Here the states are defined as:

State	Recency Level	Explanation
1	1	Last purchase made this month
2	2	Last purchase made last month
3	3	Last purchase made 2 months ago
4	4	Last purchase made 3 months ago
5	5	Last purchase made 4 months ago
6	6	Last purchase made 5 months ago
7	7-12	Purchase made 6 months or before (Churn state)

Similarly, the state of the customer at the start of each month is:

States after every month
CustomerID	recent_purchase_date	Class1	Class2	Class3	Class4	Class5	Class6
13831	2011-05-23 13:25:00	2	1	2	1	2	1
12779	2011-06-03 10:37:00	1	2	3	4	5	1
17519	2011-06-19 13:55:00	1	1	2	3	4	1
12434	2011-04-04 09:57:00	3	4	5	1	2	3
13021	2011-06-26 11:53:00	1	1	2	1	2	1
17860	2010-12-06 12:41:00	7	7	7	7	7	7
12585	2011-04-19 13:39:00	3	4	5	6	7	7
16995	2010-12-02 17:09:00	7	7	7	7	7	7
14911	2011-06-30 15:46:00	1	1	1	1	1	1
15350	2010-12-01 13:33:00	7	7	7	7	7	7

I can observe that every customer moves from one class (state) to another state every month (step). According to Markov, the probability of a customer to move to state j at any step is only given by the previous state i. $$ P_{ij} = P(X_{t+1} = j | X_{t} = i) $$ For each interaction (Class1 to Class 2, month 2 to month 3, Step 3 to step 4), a transaction matrix can be created which has the probability of moving from i the state to j state.

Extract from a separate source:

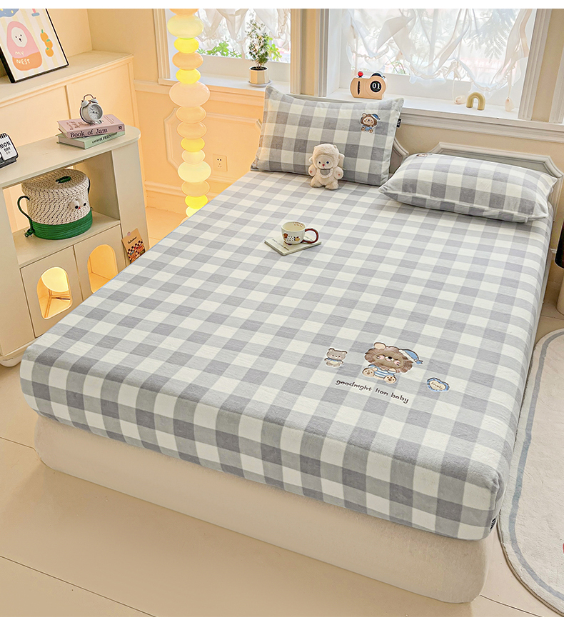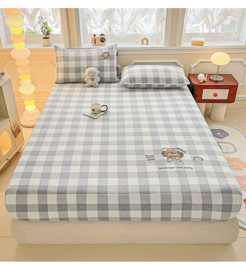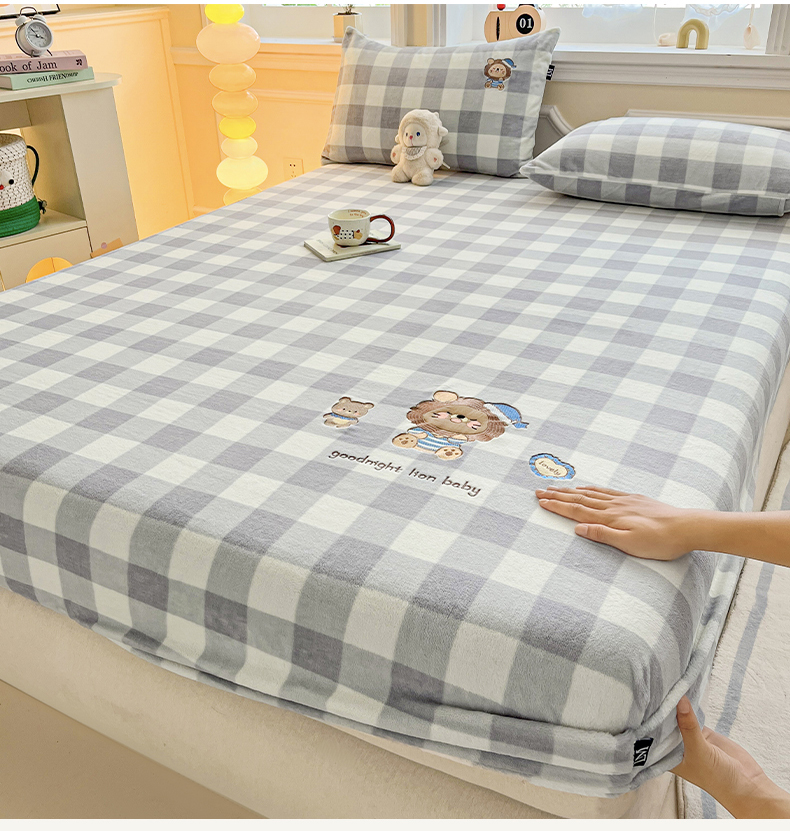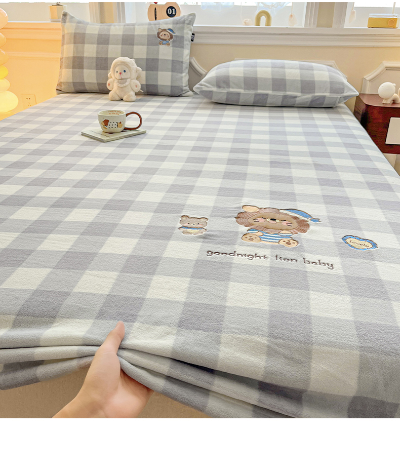 乐美家纺 2025新款A类高克重贴布绣牛奶绒床笠三件套 早安小狮子

But before I can create the one-step transition probabilities, I need to check whether the sequence of random variables can be approximated to a Markov chain. This is carried out using Anderson−Goodman test which is a chi-square test of independence.
The null and alternative hypotheses to check whether the sequence of random variables follows a Markov chain is stated below:
$H_0$: The sequences of transitions ($X_1, X_2, …, X_n$) are independent (zero-order Markov chain)
$H_A$: The sequences of transitions ($X_1, X_2, …, X_n$) are dependent (first-order Markov chain)
The corresponding test statistic is $$ \chi^2 = \sum_{i} \sum_{j} (\frac{(O_{ij} -E_{ij})^2}{E_{jj}}) $$

The transition probability matrix for the transition form State 1 to 2 is:

seq_matr <- markovchainFit(final_classes[3:4], method = "mle", name = 'CLV')
seq_matr$estimate

## CLV 
##  A  7 - dimensional discrete Markov Chain defined by the following states: 
##  1, 2, 3, 4, 5, 6, 7 
##  The transition matrix  (by rows)  is defined as follows: 
##            1         2         3    4         5         6         7
## 1 0.57777778 0.4222222 0.0000000 0.00 0.0000000 0.0000000 0.0000000
## 2 0.42957746 0.0000000 0.5704225 0.00 0.0000000 0.0000000 0.0000000
## 3 0.32000000 0.0000000 0.0000000 0.68 0.0000000 0.0000000 0.0000000
## 4 0.13461538 0.0000000 0.0000000 0.00 0.8653846 0.0000000 0.0000000
## 5 0.18181818 0.0000000 0.0000000 0.00 0.0000000 0.8181818 0.0000000
## 6 0.08333333 0.0000000 0.0000000 0.00 0.0000000 0.0000000 0.9166667
## 7 0.10800000 0.0000000 0.0000000 0.00 0.0000000 0.0000000 0.8920000

From the above matrix, P(4,5) = 0.8684211 means that the probability of moving from State 4 to State 5 is 86%. That means that a customer who has not purchased any item in 3 months has an 86% probability of not purchasing any item the next month also.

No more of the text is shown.